== Required work ==
Should pictures appear among the records, leave them out, and copy exactly only the lines from the first through the one with "Coffee / tea", inclusive.
Top of Material supplied
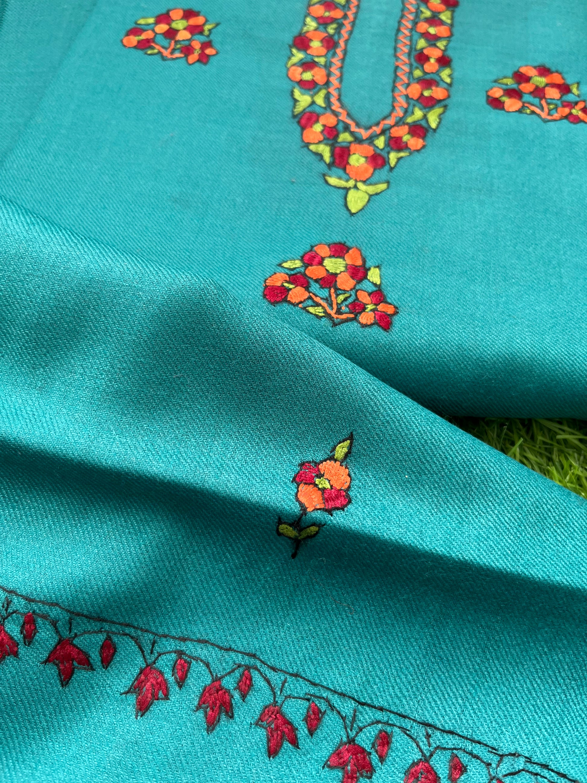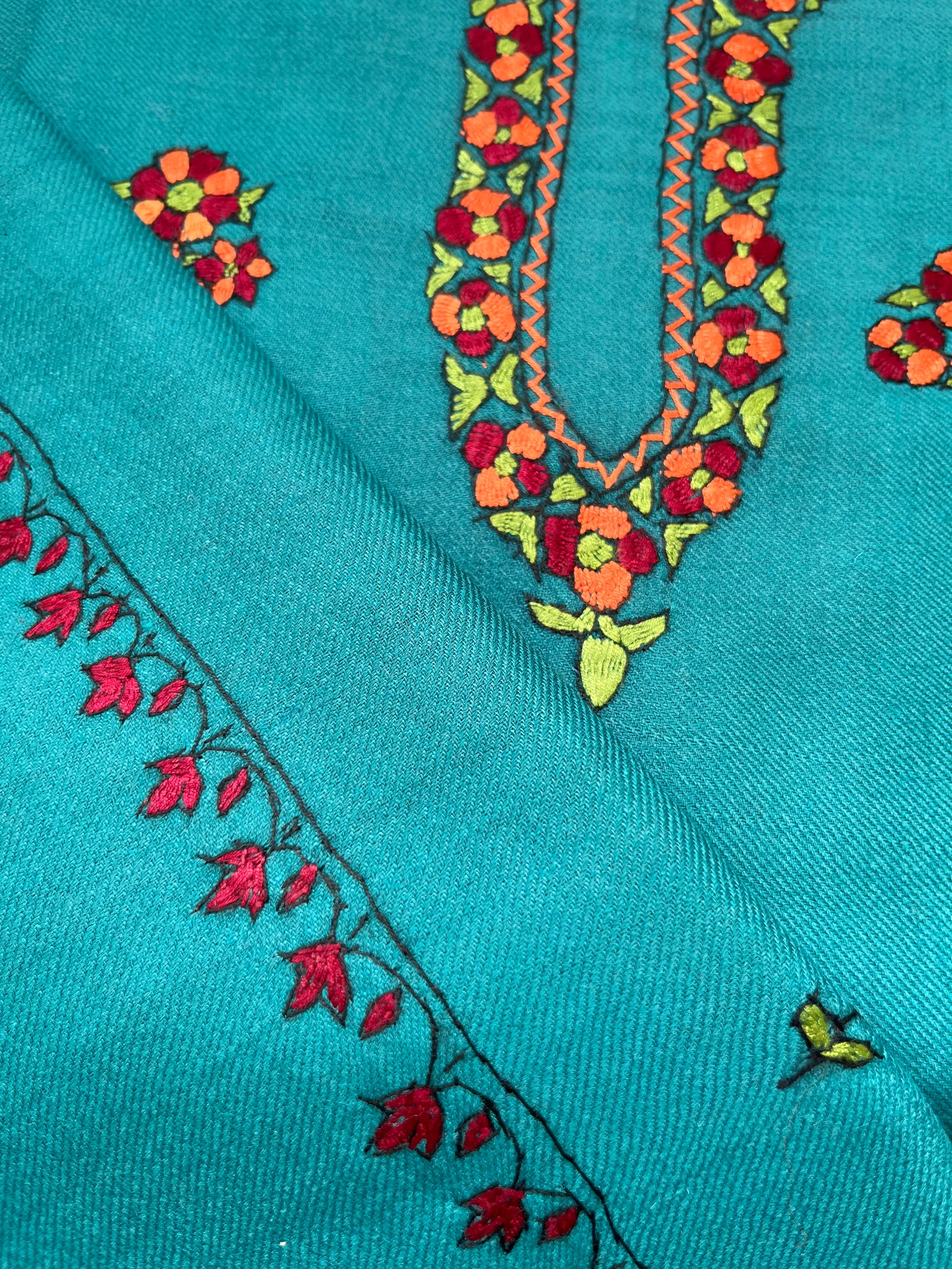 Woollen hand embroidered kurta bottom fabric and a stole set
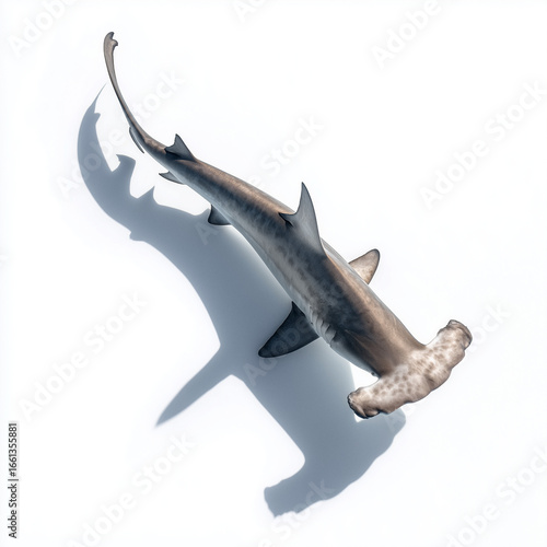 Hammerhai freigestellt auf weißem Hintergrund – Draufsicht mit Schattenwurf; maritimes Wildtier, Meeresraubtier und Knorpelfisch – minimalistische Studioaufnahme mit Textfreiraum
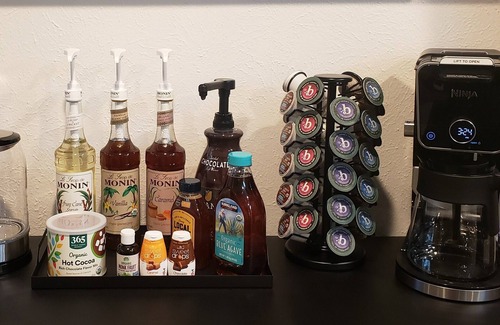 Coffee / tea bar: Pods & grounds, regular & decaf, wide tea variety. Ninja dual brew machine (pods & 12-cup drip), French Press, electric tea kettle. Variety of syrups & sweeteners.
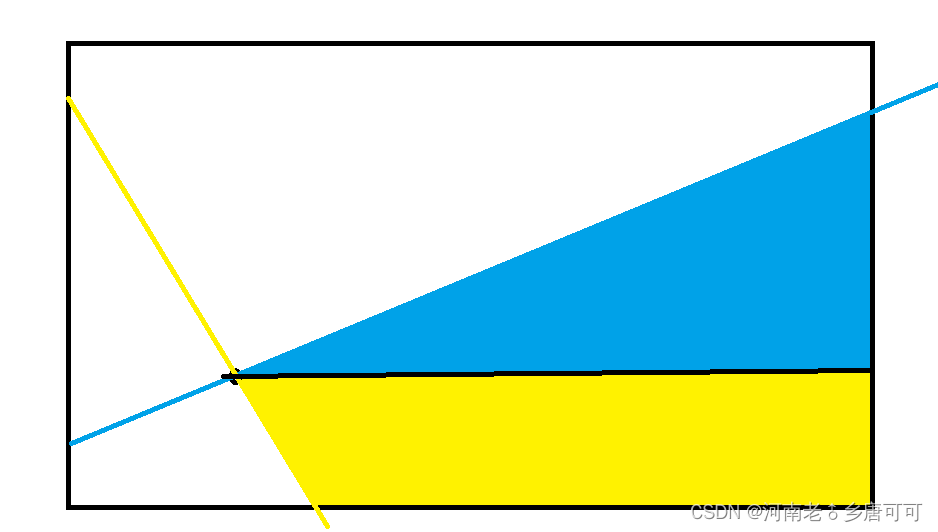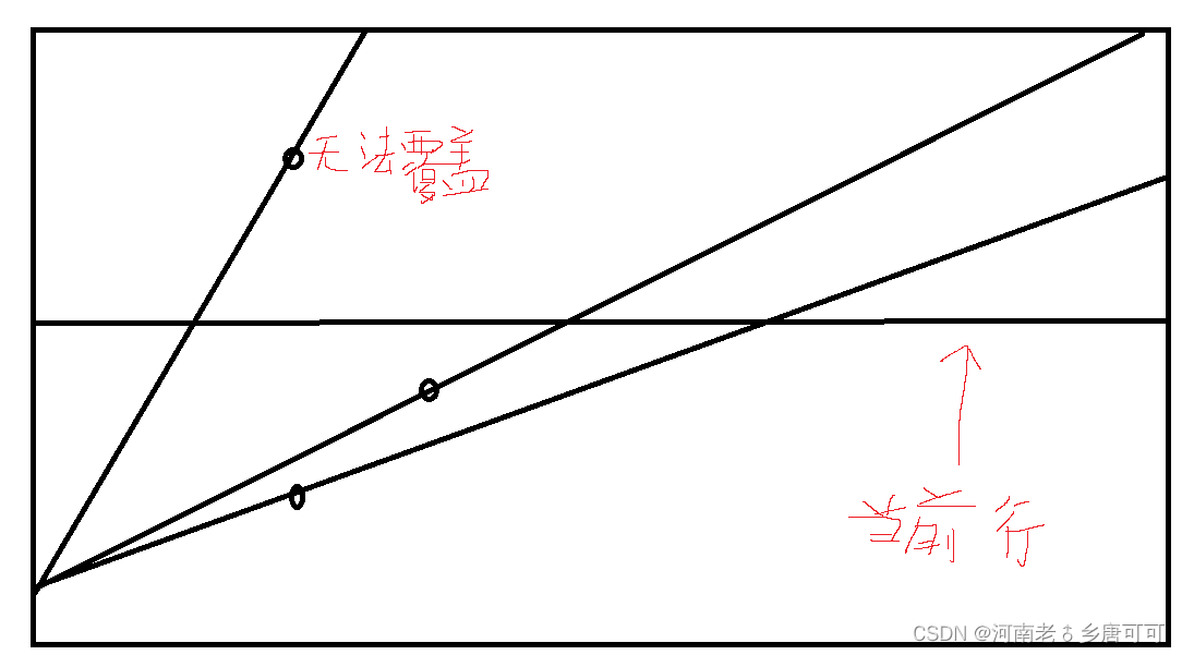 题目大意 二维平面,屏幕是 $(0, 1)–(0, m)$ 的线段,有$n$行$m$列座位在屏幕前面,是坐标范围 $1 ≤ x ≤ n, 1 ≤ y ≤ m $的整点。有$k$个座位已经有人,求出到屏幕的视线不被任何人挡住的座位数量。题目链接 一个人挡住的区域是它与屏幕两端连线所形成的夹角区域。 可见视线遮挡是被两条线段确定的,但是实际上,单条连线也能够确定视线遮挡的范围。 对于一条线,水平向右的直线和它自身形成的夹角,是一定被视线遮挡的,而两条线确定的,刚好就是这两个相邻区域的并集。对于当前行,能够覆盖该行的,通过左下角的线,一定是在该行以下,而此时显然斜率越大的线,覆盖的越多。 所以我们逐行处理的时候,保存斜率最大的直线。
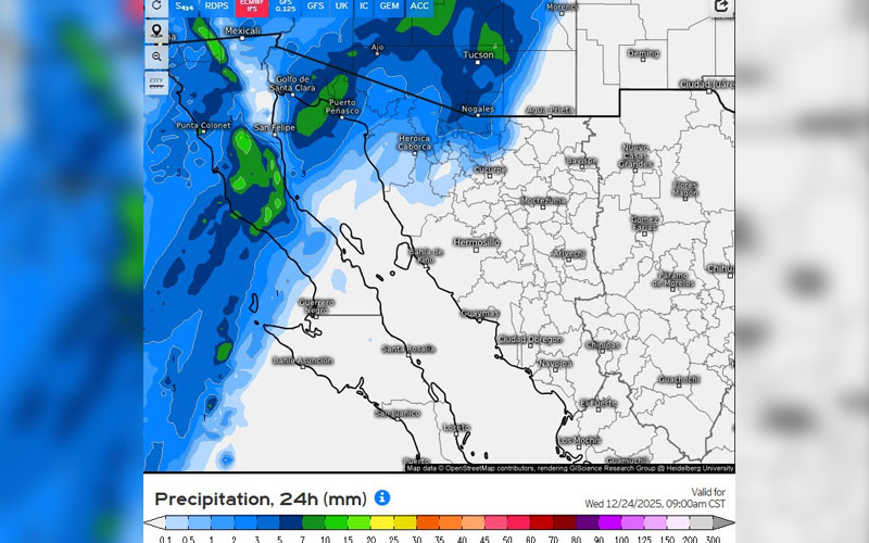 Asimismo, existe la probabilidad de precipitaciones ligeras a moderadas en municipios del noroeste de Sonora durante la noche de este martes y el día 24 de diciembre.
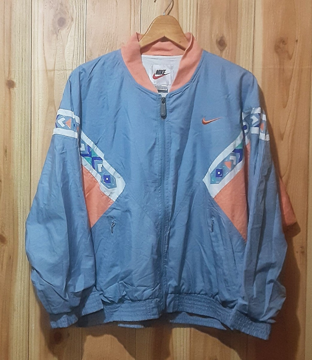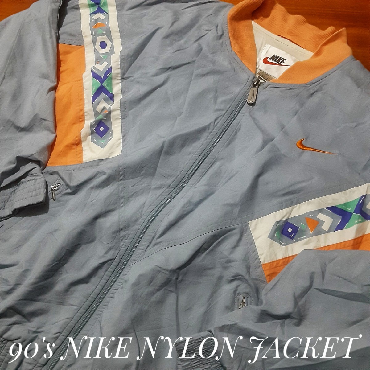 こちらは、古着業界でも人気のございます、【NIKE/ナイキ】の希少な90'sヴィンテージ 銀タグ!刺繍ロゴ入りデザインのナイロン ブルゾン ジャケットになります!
Bottom of Material supplied
== Completed exercise ==
 Woollen hand embroidered kurta bottom fabric and a stole set
 Hammerhai freigestellt auf weißem Hintergrund – Draufsicht mit Schattenwurf; maritimes Wildtier, Meeresraubtier und Knorpelfisch – minimalistische Studioaufnahme mit Textfreiraum
 Coffee / tea bar: Pods & grounds, regular & decaf, wide tea variety. Ninja dual brew machine (pods & 12-cup drip), French Press, electric tea kettle. Variety of syrups & sweeteners.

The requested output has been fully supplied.